The measures enacted Thursday would save nearly $4 million through the rest of the fiscal year, city officials said.
But if the unions don't cooperate, additional layoffs could be needed, Miller said.
"We are hoping that the city's labor group representatives will return to their represented employees and take a long, hard look at whether they can offer the city some salary or benefit savings," he said. "Perhaps we can all work together to head off additional layoffs, or even reverse some of this action and return some fine people to their jobs."
Miller has asked unions to submit any final concession proposals by Tuesday. Thirty of the notices went to full-time employees and about the same number went to part-time employees, Miller said.
Tom Ramsey, the general unit representative for the San Bernardino Public Employees Association, said members offered 10 percent in concessions in an Oct. 29 proposal that suggested reducing work days from 10 hours to nine.
He said the union received no response until the layoff notices were issued Thursday. Ramsey said he's aware of seven general unit employees that were laid-off, but doesn't know the total number.
Ramsey also expressed anger that, as of Thursday, the Colton Police Officers Association had not been impacted by concessions or layoffs. That, he said, has forced other city employees to endure deeper cuts.
Ramsey suggested that Miller, the city's police chief who was appointed Interim City Manager in May, has shielded officers from cuts. Miller is set to return to the police chief role exclusively when newly appointed City Manager Rob Foster begins work Dec. 7.
"No salary cuts, no layoffs - it just makes no sense to me," Ramsey said. "What makes sense to me is the chief of police was in the perfect place to make sure that his department didn't get touched."

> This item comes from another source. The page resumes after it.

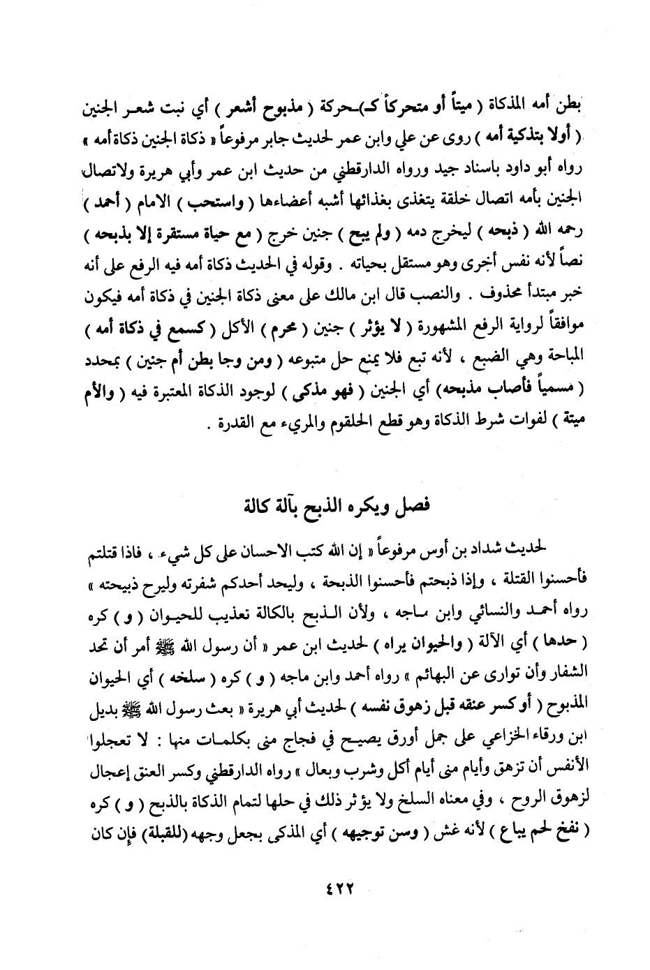 بَطْنِ أُمِّهِ الْمُذَكَّاةِ (مَيِّتًا أَوْ مُتَحَرِّكًا كَ) حَرَكَةِ (مَذْبُوحٍ أَشْعَرَ) أَيْ: نَبَتَ شَعْرُ الْجَنِينِ (أَوْ لَا بِتَذْكِيَةِ أُمِّهِ) رُوِيَ عَنْ عَلِيٍّ وَابْنِ عُمَرَ لِحَدِيثِ جَابِرٍ مَرْفُوعًا «ذَكَاةُ الْجَنِينِ ذَكَاةُ أُمِّهِ» رَوَاهُ أَبُو دَاوُد بِإِسْنَادٍ جَيِّدٍ وَرَوَاهُ الدَّارَقُطْنِيُّ مِنْ حَدِيثِ ابْنِ عُمَرَ وَأَبِي هُرَيْرَةَ وَلِاتِّصَالِ الْجَنِينِ بِأُمِّهِ اتِّصَالَ خِلْقَةٍ يَتَغَذَّى بِغِذَائِهَا أَشْبَهَ أَعْضَاءَهَا (وَاسْتَحَبَّ) الْإِمَامُ (أَحْمَدُ) رَحِمَهُ اللَّهُ (ذَبْحَهُ) لِيَخْرُجَ دَمُهُ (وَلَمْ يُبَحْ) جَنِينٌ خَرَجَ (مَعَ حَيَاةٍ مُسْتَقِرَّةٍ إلَّا بِذَبْحِهِ) نَصًّا لِأَنَّهُ نَفْسٌ أُخْرَى وَهُوَ مُسْتَقِلٌّ بِحَيَاتِهِ. وَقَوْلُهُ فِي الْحَدِيثِ ذَكَاةُ أُمِّهِ فِيهِ الرَّفْعُ عَلَى أَنَّهُ خَبَرُ مُبْتَدَإٍ مَحْذُوفٍ. وَالنَّصْبُ قَالَ ابْنُ مَالِكٍ عَلَى مَعْنَى ذَكَاةِ الْجَنِينِ فِي ذَكَاةِ أُمِّهِ فَيَكُونُ مُوَافِقًا لِرِوَايَةِ الرَّفْعِ الْمَشْهُورَةِ (لَا يُؤَثِّرُ) جَنِينٌ (مُحَرَّمُ) الْأَكْلِ (كَسَبُعٍ فِي ذَكَاةِ أُمِّهِ) الْمُبَاحَةِ وَهِيَ الضَّبُعُ، لِأَنَّهُ تَبَعٌ فَلَا يَمْنَعُ حِلَّ مَتْبُوعِهِ (وَمَنْ وَجَأَ بَطْنَ أُمِّ جَنِينٍ) بِمُحَدَّدٍ (مُسَمِّيًا فَأَصَابَ مَذْبَحَهُ) أَيْ: الْجَنِينِ (فَهُوَ مُذَكًّى) لِوُجُودِ الذَّكَاةِ الْمُعْتَبَرَةِ فِيهِ (وَالْأُمُّ مَيِّتَةٌ) لِفَوَاتِ شَرْطِ الذَّكَاةِ وَهُوَ قَطْعُ الْحُلْقُومِ وَالْمَرِيءِ مَعَ الْقُدْرَةِ.

Sgt. Robbie Bornsheuer, the police union president, said members would meet Thursday night to discuss possible concessions, but declined to respond directly to Ramsey's statement.
Miller insisted that all city employees are being asked to take the same 15 percentpay cut and Ramsey's comments baseless.
"I think there's no merit at all in (Ramsey's) comment," Miller said. "I understand the distinction of what my roles are."
"Now is not the time to start pointing fingers," Chastain said. "This is a sad day. My heart is broken to have to displace hardworking employees."
Miller said the layoffs are "across the organization" from upper management on down. Assistant City Manager Mark Nuaimi, who is also Mayor of Fontana, is among those who lost their jobs Thursday.
Nuaimi was instrumental in developing the city's layoff strategy and recommended elimination of his own position, Miller said.
"That shows integrity," Miller said. "That's leadership by example."
Nuaimi said his contract includes a fair severance package that will sustain his family for the time being.
"I gave my professional opinion," Nuaimi said. "(Going forward) I'm going to trust in God as I have always done in my life."
Miller couldn't reveal Thursday how the layoffs break down by department. That news will likely come Tuesday after unions have presented final proposals, he said.
"This is a very tough day for the city," Miller said," and it's personally one of the toughest decisions I have had to make in my professional career."